When the University of Virginia changed to pass-fail, preclinical students had higher well-being and vitality and reduced anxiety and depression. When Mayo Medical School switched part of its curriculum to pass-fail, students had less stress, improved mood, and even greater group cohesion. When Saint Louis University changed to pass-fail as part of a multifaceted preclinical curricular reform, students had lower levels of moderate or severe depression symptoms, anxiety symptoms, and stress. We believe a simple change in grading systems can lead to a clinically significant change in student wellness and mental health.

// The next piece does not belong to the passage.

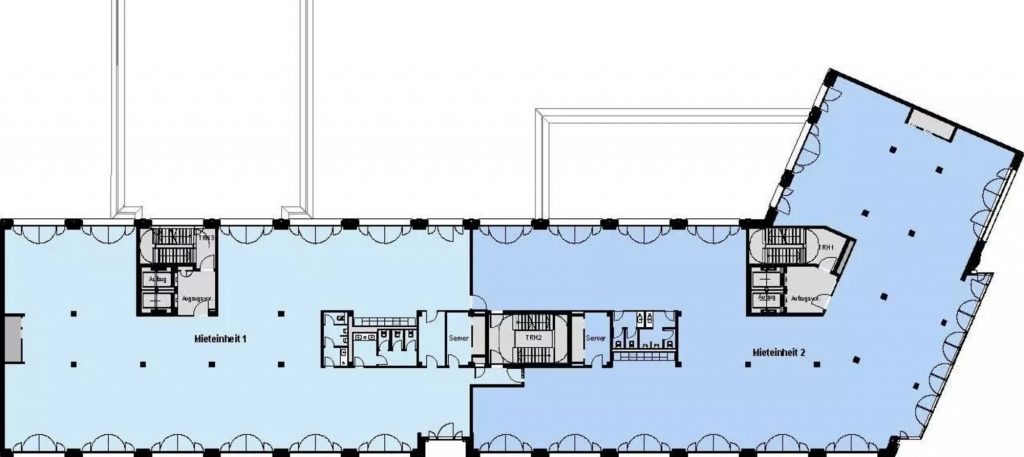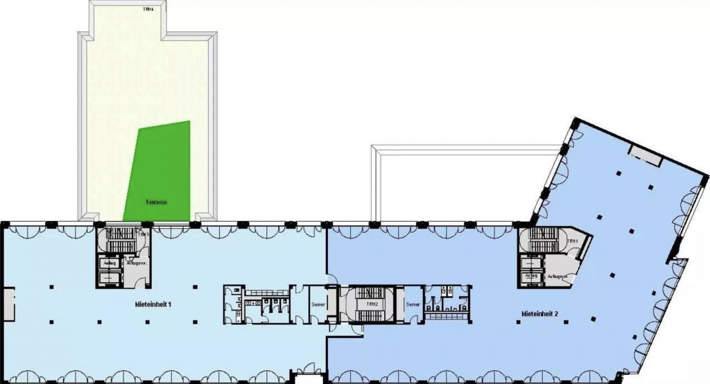 Im Erdgeschoss sind Einzelhandelsflächen vorgesehen. Die Büroflächen befinden sich im 1. bis 6. OG.

National organization endorsement
The alarming levels of burnout among physicians, residents, and medical students demand greater national attention to wellness. The American Medical Student Association passed policy in 2012 stating that it “STRONGLY URGES all medical schools to adopt the use of a strictly pass/fail grading policy during the preclinical years of medical school” to reduce the risk of poor student health and wellness and to promote teamwork and collaboration rather than competition. In 2012, the American Medical Association (AMA) approved policy entitled “Supporting Two-Interval Grading Systems for Medical Education,” which acknowledged the benefits of a pass-fail system for the non-clinical curriculum. By 2013, as tabulated by the AMA and published in JAMA, pure pass-fail was the most common preclinical grading system across the country, found at 41 percent of allopathic schools.
We believe the so-called “pass/fail experiment” has finally proven itself and will continue to propagate, not as a reaction to “transient sociopolitical turmoil,” but as an enduring curricular reform that prevents unnecessary mental turmoil during training.